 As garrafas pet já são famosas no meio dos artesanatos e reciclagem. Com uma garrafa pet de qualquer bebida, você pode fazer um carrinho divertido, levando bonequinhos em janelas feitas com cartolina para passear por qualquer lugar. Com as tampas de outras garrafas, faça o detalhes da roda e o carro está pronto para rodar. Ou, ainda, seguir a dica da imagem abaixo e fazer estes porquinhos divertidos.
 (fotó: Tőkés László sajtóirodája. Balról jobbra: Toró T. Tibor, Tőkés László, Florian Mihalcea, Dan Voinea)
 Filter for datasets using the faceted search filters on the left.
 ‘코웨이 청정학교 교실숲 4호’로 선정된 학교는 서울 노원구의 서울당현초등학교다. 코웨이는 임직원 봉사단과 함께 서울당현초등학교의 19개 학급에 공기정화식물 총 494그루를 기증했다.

# # # # #

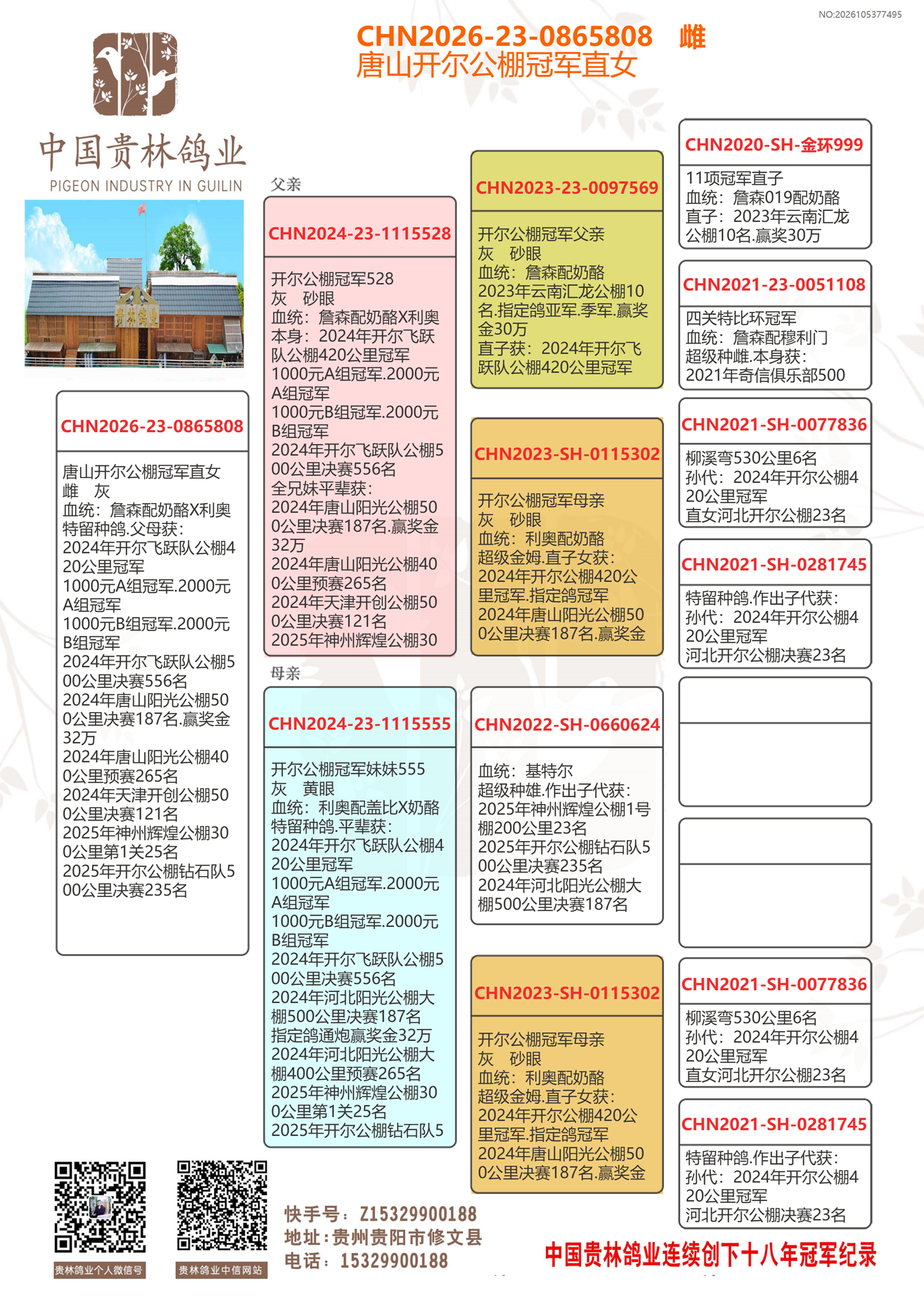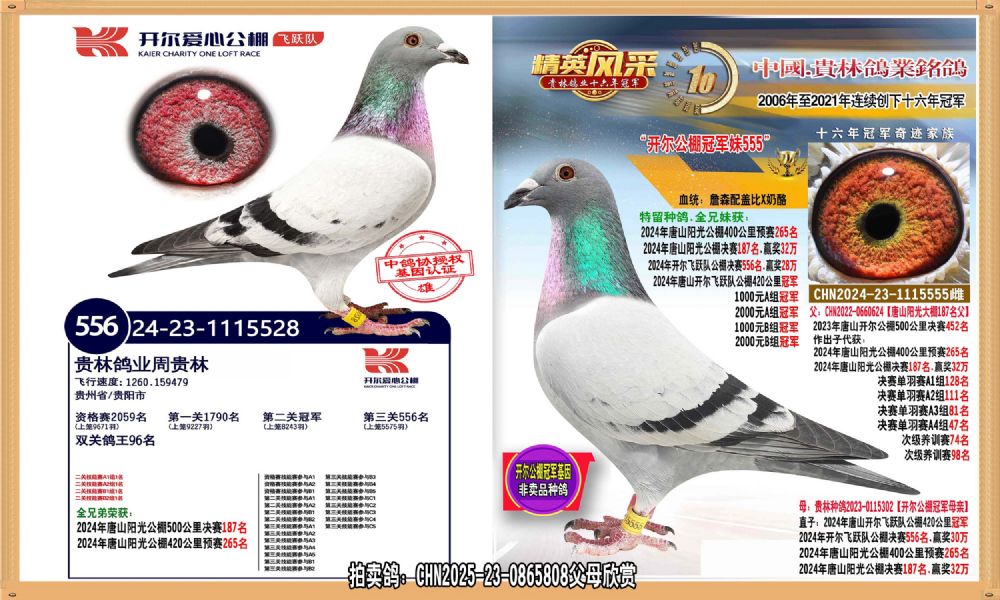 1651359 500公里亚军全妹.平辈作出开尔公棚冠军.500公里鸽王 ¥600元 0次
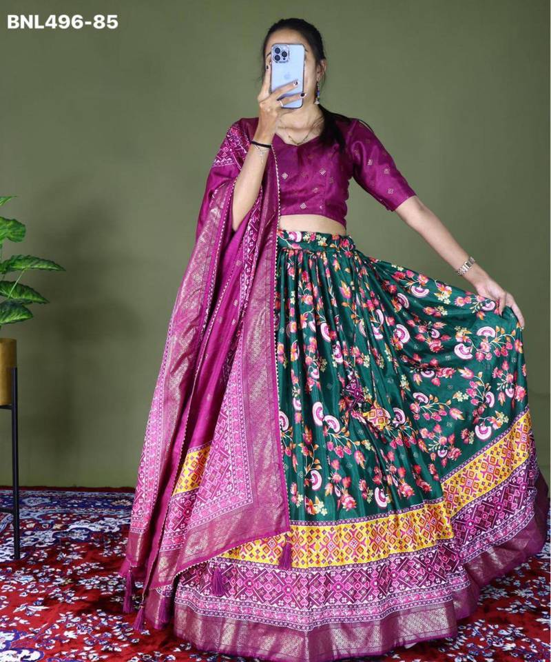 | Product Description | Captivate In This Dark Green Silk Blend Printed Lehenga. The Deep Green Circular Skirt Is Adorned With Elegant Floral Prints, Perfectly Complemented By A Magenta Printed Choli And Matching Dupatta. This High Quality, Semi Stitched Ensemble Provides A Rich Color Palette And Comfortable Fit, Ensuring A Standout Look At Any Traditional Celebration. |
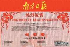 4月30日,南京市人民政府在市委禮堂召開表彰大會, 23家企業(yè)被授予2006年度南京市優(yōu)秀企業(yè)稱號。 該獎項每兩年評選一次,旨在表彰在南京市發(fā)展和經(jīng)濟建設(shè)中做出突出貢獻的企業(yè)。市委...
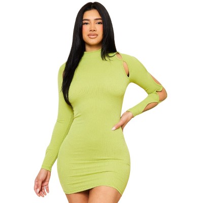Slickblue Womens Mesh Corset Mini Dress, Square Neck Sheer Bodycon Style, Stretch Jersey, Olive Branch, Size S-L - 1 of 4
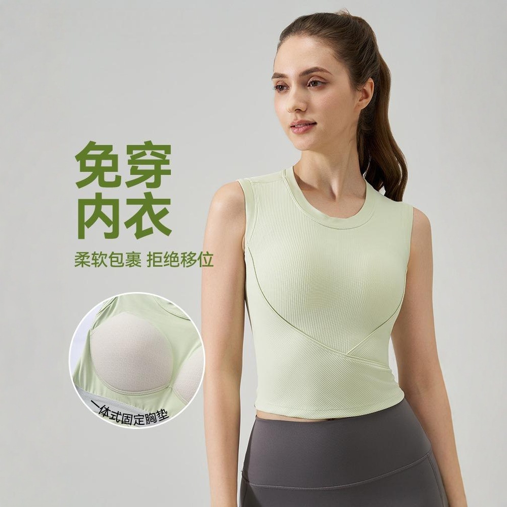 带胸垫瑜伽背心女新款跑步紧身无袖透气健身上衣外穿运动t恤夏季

# # # # #

### Instructions for the task
Above are entries with pictures among them. Write out exactly the lines from the one containing "1651359 500公里亚军全妹.平辈作出开尔公棚冠军.500公里鸽王 ¥600元" through the one containing "带胸垫瑜伽背心女新款跑步紧身无袖透气健身上衣外穿运动t恤夏季", ends included, and leave those pictures out.

### Solution below
 1651359 500公里亚军全妹.平辈作出开尔公棚冠军.500公里鸽王 ¥600元 0次
 | Product Description | Captivate In This Dark Green Silk Blend Printed Lehenga. The Deep Green Circular Skirt Is Adorned With Elegant Floral Prints, Perfectly Complemented By A Magenta Printed Choli And Matching Dupatta. This High Quality, Semi Stitched Ensemble Provides A Rich Color Palette And Comfortable Fit, Ensuring A Standout Look At Any Traditional Celebration. |
 4月30日,南京市人民政府在市委禮堂召開表彰大會, 23家企業(yè)被授予2006年度南京市優(yōu)秀企業(yè)稱號。 該獎項每兩年評選一次,旨在表彰在南京市發(fā)展和經(jīng)濟建設(shè)中做出突出貢獻的企業(yè)。市委...
Slickblue Womens Mesh Corset Mini Dress, Square Neck Sheer Bodycon Style, Stretch Jersey, Olive Branch, Size S-L - 1 of 4
 带胸垫瑜伽背心女新款跑步紧身无袖透气健身上衣外穿运动t恤夏季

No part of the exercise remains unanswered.